EXTRACTED ENTRIES =>
────────────────
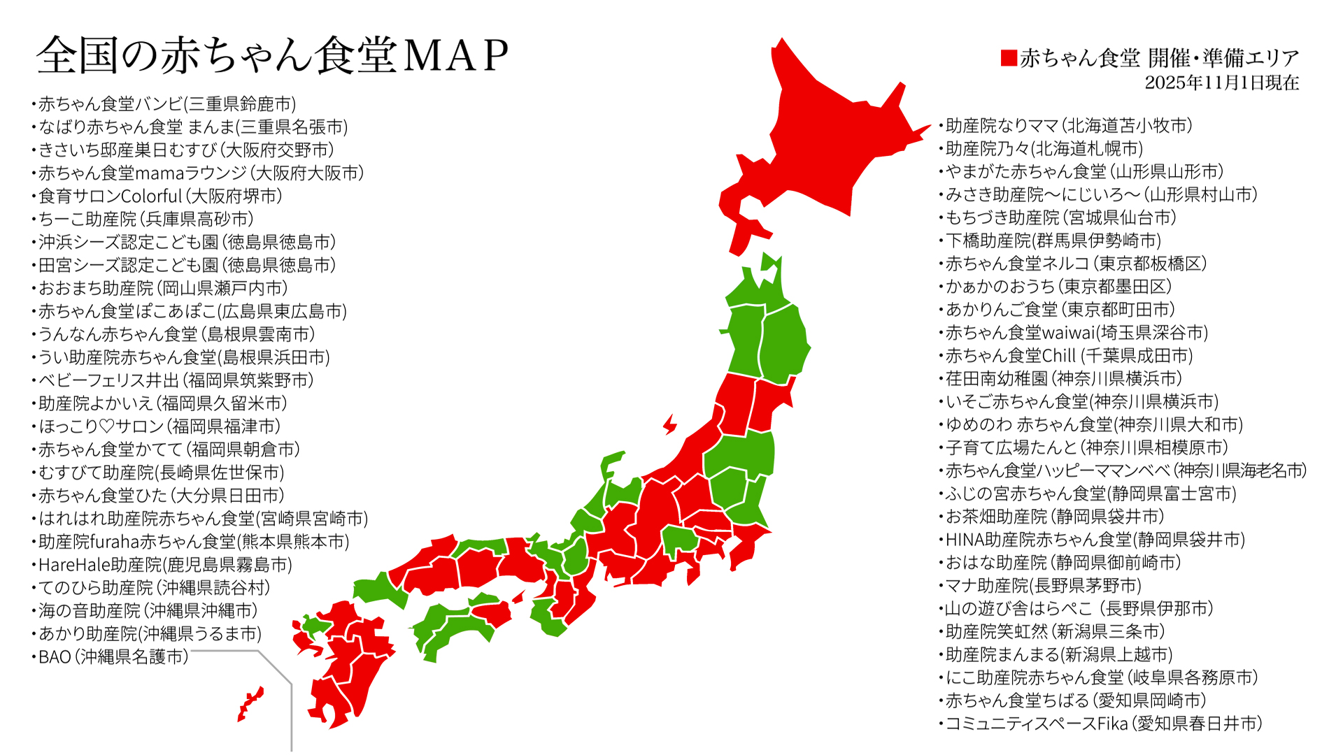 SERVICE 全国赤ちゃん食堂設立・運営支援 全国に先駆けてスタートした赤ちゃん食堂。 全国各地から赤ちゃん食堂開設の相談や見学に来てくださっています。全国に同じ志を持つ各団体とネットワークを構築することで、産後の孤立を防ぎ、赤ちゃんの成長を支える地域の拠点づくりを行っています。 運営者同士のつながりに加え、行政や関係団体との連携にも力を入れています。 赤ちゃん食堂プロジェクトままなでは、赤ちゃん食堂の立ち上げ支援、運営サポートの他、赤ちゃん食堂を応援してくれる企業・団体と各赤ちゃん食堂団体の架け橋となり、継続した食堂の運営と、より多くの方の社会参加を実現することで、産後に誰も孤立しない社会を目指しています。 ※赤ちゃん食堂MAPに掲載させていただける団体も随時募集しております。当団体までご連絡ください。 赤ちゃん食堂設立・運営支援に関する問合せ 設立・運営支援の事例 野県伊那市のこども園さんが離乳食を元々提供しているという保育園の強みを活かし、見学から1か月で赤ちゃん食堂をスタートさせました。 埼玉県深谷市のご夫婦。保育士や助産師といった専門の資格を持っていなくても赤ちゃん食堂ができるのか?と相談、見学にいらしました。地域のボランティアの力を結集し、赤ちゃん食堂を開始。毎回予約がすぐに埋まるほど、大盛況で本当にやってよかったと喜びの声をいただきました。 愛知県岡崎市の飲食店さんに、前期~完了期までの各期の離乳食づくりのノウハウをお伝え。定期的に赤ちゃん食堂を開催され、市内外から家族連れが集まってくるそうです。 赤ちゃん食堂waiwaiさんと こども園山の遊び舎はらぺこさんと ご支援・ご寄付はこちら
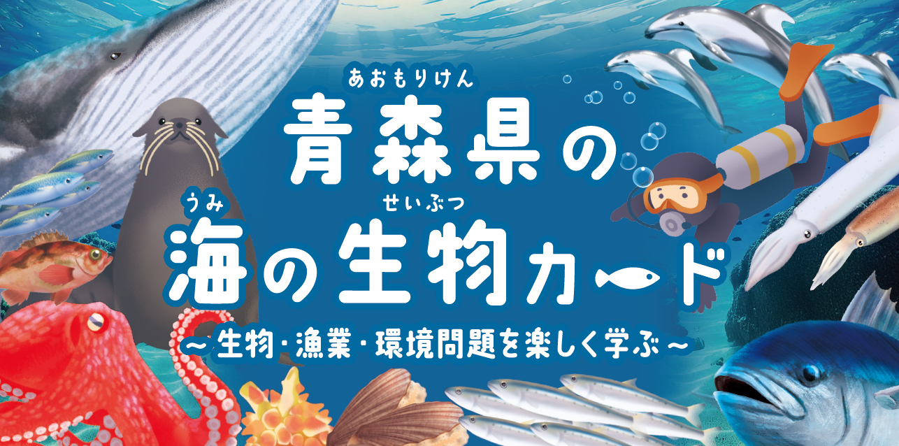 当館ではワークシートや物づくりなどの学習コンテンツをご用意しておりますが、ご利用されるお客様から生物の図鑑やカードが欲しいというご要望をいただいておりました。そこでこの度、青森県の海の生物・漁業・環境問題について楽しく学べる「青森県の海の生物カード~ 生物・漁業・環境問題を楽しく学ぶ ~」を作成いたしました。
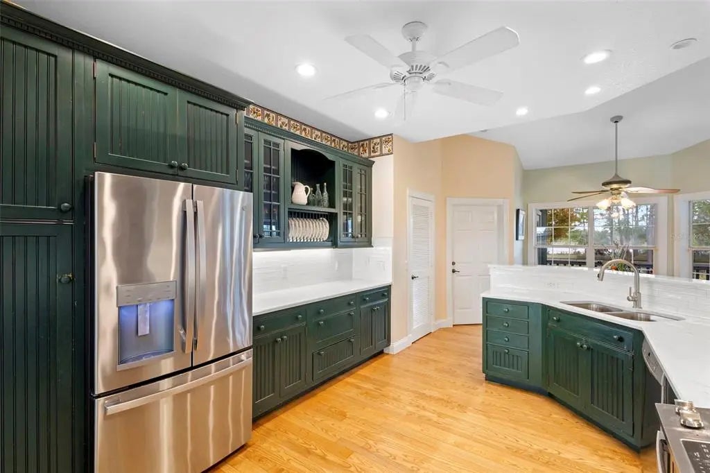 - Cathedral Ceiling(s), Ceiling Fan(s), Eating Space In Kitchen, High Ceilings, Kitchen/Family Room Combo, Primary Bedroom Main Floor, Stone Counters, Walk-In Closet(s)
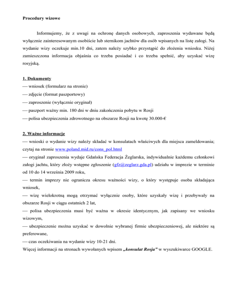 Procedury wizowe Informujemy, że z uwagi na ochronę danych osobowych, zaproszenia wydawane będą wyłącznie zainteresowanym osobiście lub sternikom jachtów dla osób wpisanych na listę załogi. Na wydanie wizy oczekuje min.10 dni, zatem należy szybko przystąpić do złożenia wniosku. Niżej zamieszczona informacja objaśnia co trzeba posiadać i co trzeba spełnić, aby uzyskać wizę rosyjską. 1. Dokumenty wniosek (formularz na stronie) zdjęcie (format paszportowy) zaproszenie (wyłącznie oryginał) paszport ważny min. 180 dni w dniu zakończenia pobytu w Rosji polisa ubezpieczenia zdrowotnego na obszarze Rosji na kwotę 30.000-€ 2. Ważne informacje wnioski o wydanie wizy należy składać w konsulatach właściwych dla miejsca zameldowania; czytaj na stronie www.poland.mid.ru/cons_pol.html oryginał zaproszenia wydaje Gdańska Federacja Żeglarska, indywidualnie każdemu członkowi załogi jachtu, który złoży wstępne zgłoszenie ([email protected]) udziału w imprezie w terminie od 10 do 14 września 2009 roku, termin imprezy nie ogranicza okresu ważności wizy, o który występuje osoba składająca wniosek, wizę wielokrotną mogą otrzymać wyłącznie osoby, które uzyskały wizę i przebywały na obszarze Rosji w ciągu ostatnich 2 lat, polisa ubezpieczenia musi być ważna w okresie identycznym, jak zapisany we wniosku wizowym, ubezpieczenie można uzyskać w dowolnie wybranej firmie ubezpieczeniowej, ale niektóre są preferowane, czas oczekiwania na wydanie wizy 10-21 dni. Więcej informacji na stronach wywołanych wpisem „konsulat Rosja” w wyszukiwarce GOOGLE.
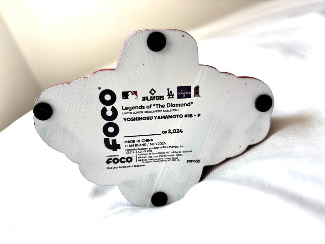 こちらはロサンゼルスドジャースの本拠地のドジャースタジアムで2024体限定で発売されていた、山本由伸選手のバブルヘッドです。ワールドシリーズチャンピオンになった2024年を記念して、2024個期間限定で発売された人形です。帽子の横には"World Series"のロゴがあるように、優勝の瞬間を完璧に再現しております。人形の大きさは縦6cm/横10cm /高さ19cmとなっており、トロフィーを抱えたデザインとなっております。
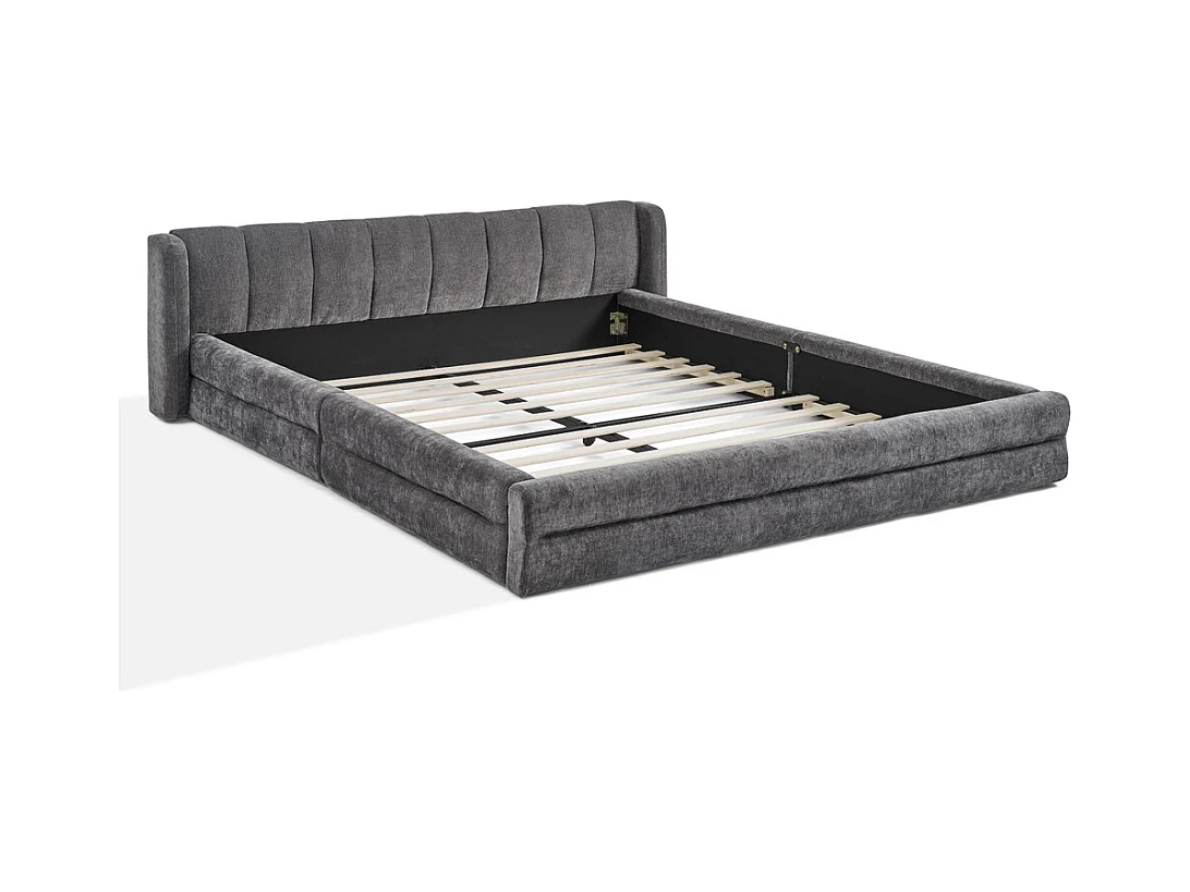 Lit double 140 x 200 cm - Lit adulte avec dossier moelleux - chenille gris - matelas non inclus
────────────────
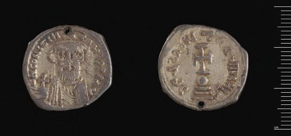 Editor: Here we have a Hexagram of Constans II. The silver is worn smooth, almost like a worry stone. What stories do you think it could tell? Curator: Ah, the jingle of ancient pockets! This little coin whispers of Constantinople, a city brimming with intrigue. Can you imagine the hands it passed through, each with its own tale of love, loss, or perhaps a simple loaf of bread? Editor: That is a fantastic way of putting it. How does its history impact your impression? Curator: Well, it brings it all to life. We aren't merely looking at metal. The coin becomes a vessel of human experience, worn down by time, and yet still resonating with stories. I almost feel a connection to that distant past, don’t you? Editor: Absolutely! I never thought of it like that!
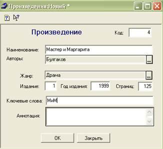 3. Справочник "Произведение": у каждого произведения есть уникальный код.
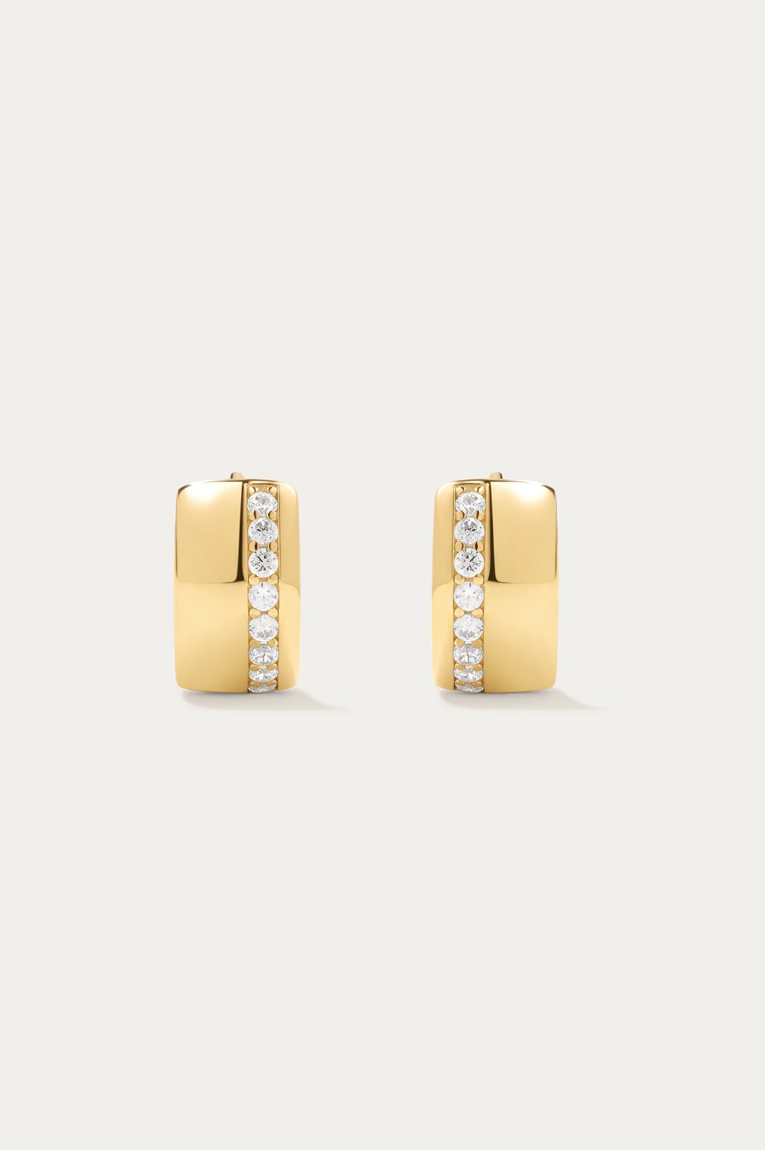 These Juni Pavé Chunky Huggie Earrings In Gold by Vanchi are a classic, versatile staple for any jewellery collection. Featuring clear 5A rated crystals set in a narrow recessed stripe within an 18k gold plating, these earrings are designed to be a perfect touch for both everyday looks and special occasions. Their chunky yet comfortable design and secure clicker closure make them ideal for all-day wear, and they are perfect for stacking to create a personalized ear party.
────────────────
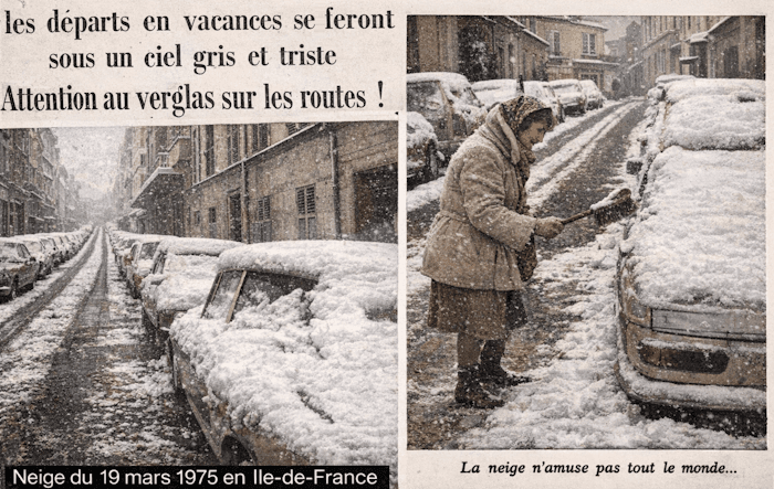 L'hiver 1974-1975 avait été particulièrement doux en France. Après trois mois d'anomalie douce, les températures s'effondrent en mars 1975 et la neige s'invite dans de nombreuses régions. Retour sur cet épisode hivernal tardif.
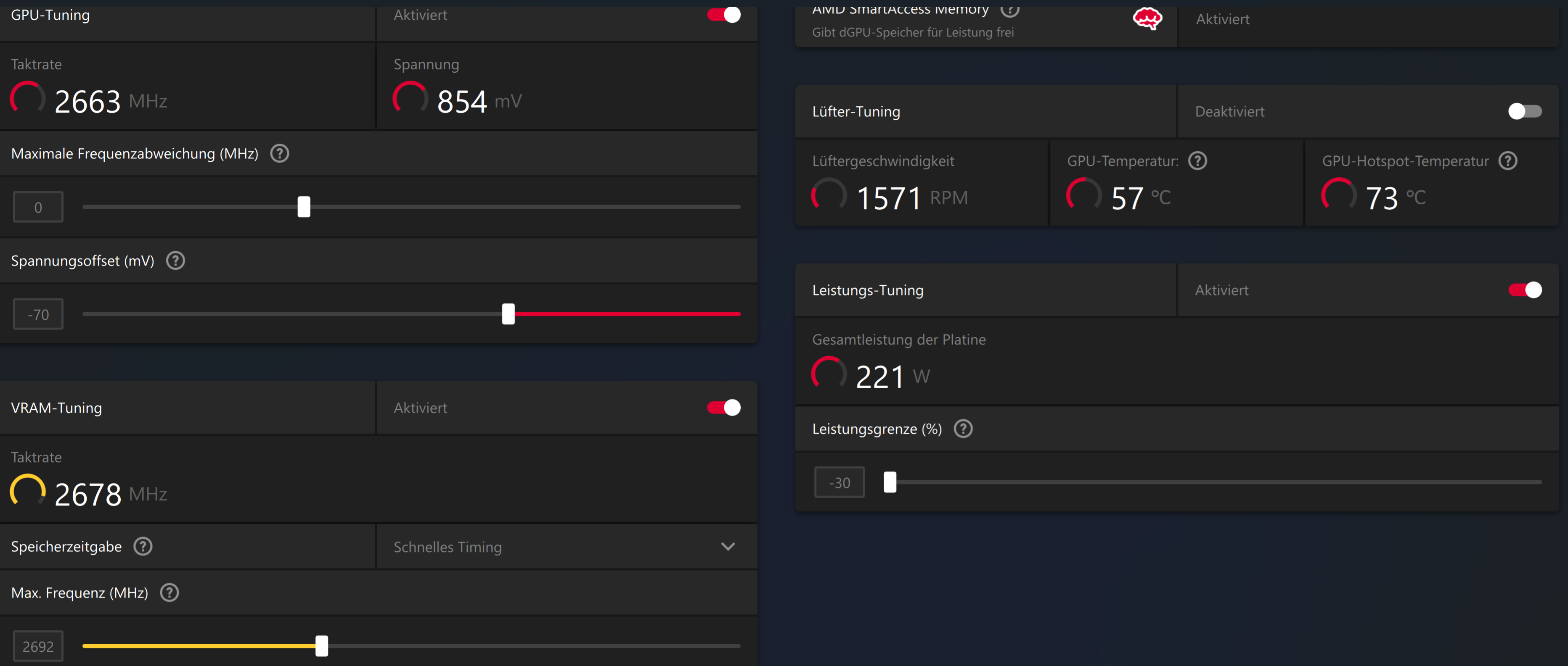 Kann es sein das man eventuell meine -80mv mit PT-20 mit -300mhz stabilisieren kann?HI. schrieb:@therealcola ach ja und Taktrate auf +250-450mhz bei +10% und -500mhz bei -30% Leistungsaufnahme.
────────────────
INSTRUCTIONS FOR THE TASK => In the listing above, find the line containing "SERVICE 全国赤ちゃん食堂設立・運営支援 全国に先駆けてスタートした赤ちゃん食堂。" and the line containing "- Cathedral Ceiling(s), Ceiling", then output those two lines and everything between them exactly as written, without the images.

RESPONSE TO THE TASK =>
 SERVICE 全国赤ちゃん食堂設立・運営支援 全国に先駆けてスタートした赤ちゃん食堂。 全国各地から赤ちゃん食堂開設の相談や見学に来てくださっています。全国に同じ志を持つ各団体とネットワークを構築することで、産後の孤立を防ぎ、赤ちゃんの成長を支える地域の拠点づくりを行っています。 運営者同士のつながりに加え、行政や関係団体との連携にも力を入れています。 赤ちゃん食堂プロジェクトままなでは、赤ちゃん食堂の立ち上げ支援、運営サポートの他、赤ちゃん食堂を応援してくれる企業・団体と各赤ちゃん食堂団体の架け橋となり、継続した食堂の運営と、より多くの方の社会参加を実現することで、産後に誰も孤立しない社会を目指しています。 ※赤ちゃん食堂MAPに掲載させていただける団体も随時募集しております。当団体までご連絡ください。 赤ちゃん食堂設立・運営支援に関する問合せ 設立・運営支援の事例 野県伊那市のこども園さんが離乳食を元々提供しているという保育園の強みを活かし、見学から1か月で赤ちゃん食堂をスタートさせました。 埼玉県深谷市のご夫婦。保育士や助産師といった専門の資格を持っていなくても赤ちゃん食堂ができるのか?と相談、見学にいらしました。地域のボランティアの力を結集し、赤ちゃん食堂を開始。毎回予約がすぐに埋まるほど、大盛況で本当にやってよかったと喜びの声をいただきました。 愛知県岡崎市の飲食店さんに、前期~完了期までの各期の離乳食づくりのノウハウをお伝え。定期的に赤ちゃん食堂を開催され、市内外から家族連れが集まってくるそうです。 赤ちゃん食堂waiwaiさんと こども園山の遊び舎はらぺこさんと ご支援・ご寄付はこちら
 当館ではワークシートや物づくりなどの学習コンテンツをご用意しておりますが、ご利用されるお客様から生物の図鑑やカードが欲しいというご要望をいただいておりました。そこでこの度、青森県の海の生物・漁業・環境問題について楽しく学べる「青森県の海の生物カード~ 生物・漁業・環境問題を楽しく学ぶ ~」を作成いたしました。
 - Cathedral Ceiling(s), Ceiling Fan(s), Eating Space In Kitchen, High Ceilings, Kitchen/Family Room Combo, Primary Bedroom Main Floor, Stone Counters, Walk-In Closet(s)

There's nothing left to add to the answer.